A spectre is haunting Europe, the spectre of spending cuts. All the powers of the European Union have entered into a holy alliance to enforce this menace: President and Prime Minister, Chancellor and Monarch, the duly elected and the dubiously installed.
Since late 2007, with governments everywhere searching for a quick buck to pay for bailing out a globally irresponsible banking sector, supposedly ‘flabby’ public sectors became scapegoats of choice.
This meant the wholesale destruction of services ordinary people across the continent rely on to survive, within an increasingly volatile economic system. Austerity is now in full swing across the EU, and it’s biting hard.

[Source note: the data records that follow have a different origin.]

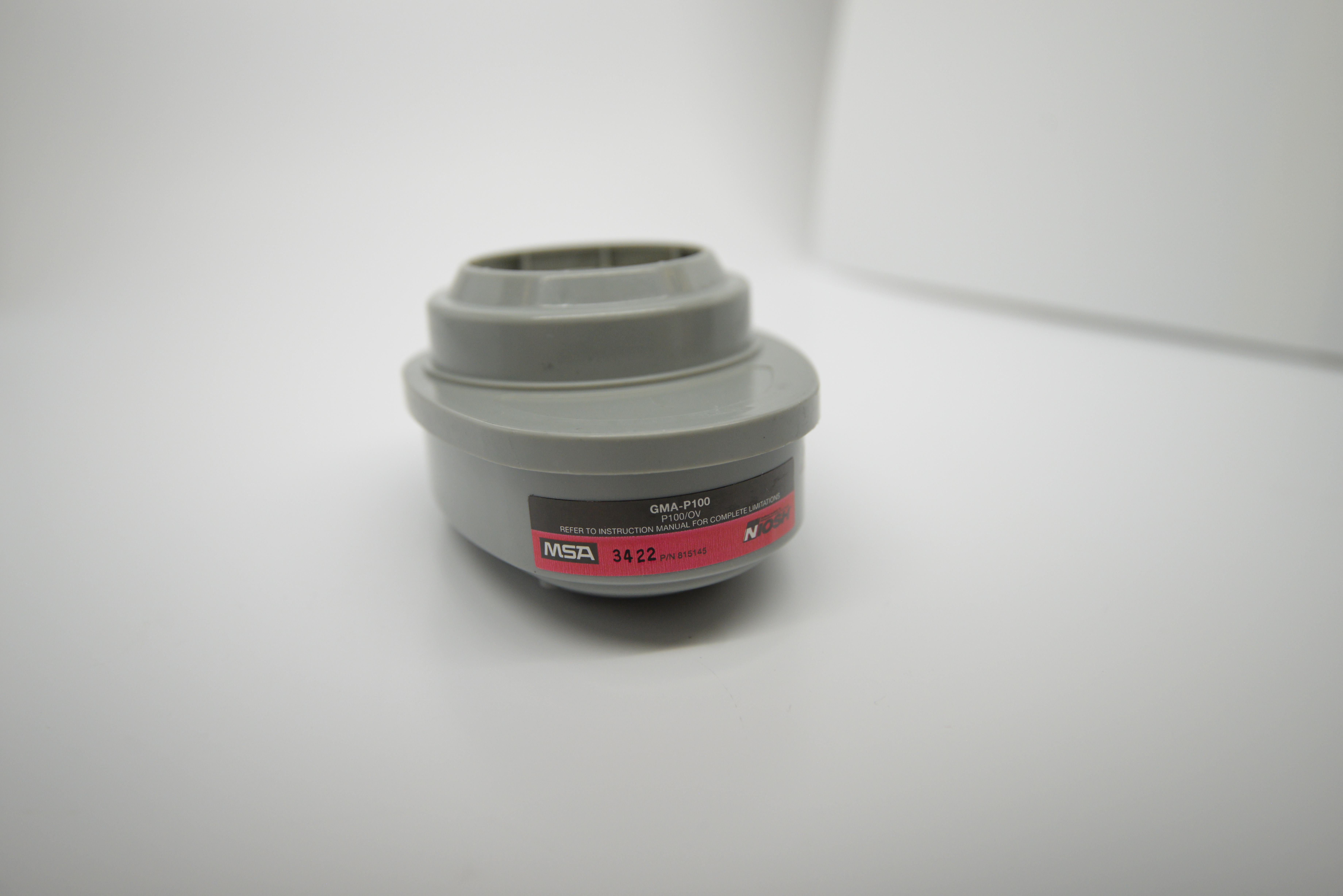 | dc.description.abstract | An MSA respirator filter cartridge with a black and pink label. It has a GMA-P100 rating. GMA/OV means that it protects against organic vapors. P100 means that it filters at least 99.97% of airborne particles and is strongly resistant to oil. | en |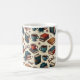 Un design à thème intellectuel avec des livres, des tasses à café, des lunettes et des couvertures douillettes dans un motif répétitif. Idéal pour les amateurs de café en librairie !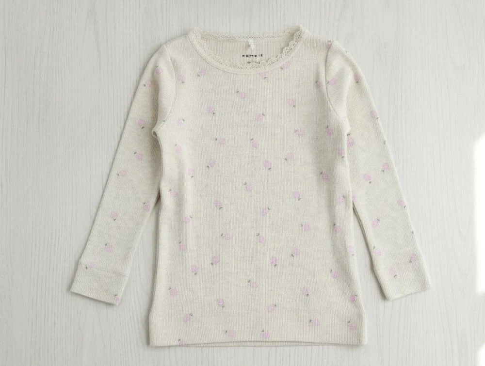 Blusen er lavet i en blød rib kvalitet i 57% økologisk bomuld, 38% modal, 5% elastan. Blusen har en fin blondekant ved halsåbningen og en klassisk rund halsudskæring.

Nowhere is that more apparent than the ‘Med-Zone’. Perhaps most notably at the moment, Greece and Spain have both been ravaged by the ill-prescribed medicine of public sector cuts to solve debt whilst society’s elite continue to evade paying their way.

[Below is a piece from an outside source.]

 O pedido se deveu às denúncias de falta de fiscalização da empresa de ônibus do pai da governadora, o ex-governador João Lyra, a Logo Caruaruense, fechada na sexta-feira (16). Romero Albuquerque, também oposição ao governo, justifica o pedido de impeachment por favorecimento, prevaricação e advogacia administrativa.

Through pension cuts, unemployment and increasing disparity between haves and have nots, the poor and the put upon are constantly assured there is no “plan B”, by politicians and EU technocrats alike.
However, both Greek and Spanish citizens have demonstrated they are committed, more than ever, to exorcise the apparition of slash and burn economics. Last month Greece saw its first general strike since their new government formed, Molotov cocktails were hurled in Athens and anger erupted into the streets of Madrid, as thousands marched against cuts and 25% unemployment.

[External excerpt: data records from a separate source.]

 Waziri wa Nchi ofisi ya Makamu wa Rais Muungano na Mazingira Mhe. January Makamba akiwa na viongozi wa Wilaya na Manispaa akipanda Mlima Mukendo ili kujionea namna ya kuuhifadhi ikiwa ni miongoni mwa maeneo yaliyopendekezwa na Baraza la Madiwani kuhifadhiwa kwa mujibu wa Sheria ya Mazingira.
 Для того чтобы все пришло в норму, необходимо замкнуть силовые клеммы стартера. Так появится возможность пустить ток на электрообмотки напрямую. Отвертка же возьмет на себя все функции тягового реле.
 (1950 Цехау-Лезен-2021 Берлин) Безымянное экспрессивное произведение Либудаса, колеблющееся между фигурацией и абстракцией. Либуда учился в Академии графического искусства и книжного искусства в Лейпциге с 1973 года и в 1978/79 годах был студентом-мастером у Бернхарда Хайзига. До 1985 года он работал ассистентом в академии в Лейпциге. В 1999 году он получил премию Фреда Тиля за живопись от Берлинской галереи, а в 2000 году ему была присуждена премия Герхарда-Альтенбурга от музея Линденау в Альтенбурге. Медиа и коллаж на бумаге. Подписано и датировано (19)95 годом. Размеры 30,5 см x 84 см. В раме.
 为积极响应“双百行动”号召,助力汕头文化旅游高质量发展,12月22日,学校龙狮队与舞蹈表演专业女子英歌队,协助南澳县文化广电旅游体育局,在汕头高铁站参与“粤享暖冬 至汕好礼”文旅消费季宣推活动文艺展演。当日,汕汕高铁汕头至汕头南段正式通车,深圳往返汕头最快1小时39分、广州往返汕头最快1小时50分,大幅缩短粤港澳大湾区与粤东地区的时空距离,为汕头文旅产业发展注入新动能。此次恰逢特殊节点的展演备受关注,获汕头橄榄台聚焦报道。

In the UK, meanwhile, you might be forgiven (though not by me) for thinking everything on the mainland was hunky-dory. At the time, there was a conspicuously protest shaped hole in the output of most media, from the papers to the BBC.
Special mention must go to the Daily Mail though, who whilst thousands of outraged Spanish citizens – beaten mercilessly by police – surrounded their national congress, treated us to hard-hitting stories like “The woman who says biscuit 1600 times a day.”
But this isn’t the only hole in the tapestry – there’s one closer to home. If a visitor from another planet were to skim British news, they might come to conclude this island is a safe-haven, a bubble without trouble.
This is because, despite the NHS being sold off, benefits slashed, pensions stolen, and education savaged; debates over trivial matters such as topless Royals have been given prominence. The subsequent discussions have been so frantic and hyperbolic; it might look as though we, unlike our Mediterranean cousins, have nothing better to complain about.
Certainly, during the week of the Labour Party conference, there has been little to suggest otherwise. Ed Miliband’s feeble sub-promises and his party’s lack-lustre excuses for “opposition” to cuts suggest, come 2015, a Labour government ensures “Things can only get similar”.
But step outside this surreal vacuum of acceptance and you’ll find raw anger bubbling in the public consciousness. Far from the caricature of the tea-drinking, grumbling British, it’s manifesting itself in the ways of Greek and Spanish resistance.
This autumn protests, occupations, and strikes, from our campus to the capital, are signs that the public here too, are in the process of exorcising our own austerity demons.
It begins on October 20 in London, at a demo entitled “A future that works”. In the spirit of mainland resistance, when the government try to bleed us dry, we must not cower in submission; it’s time to unite.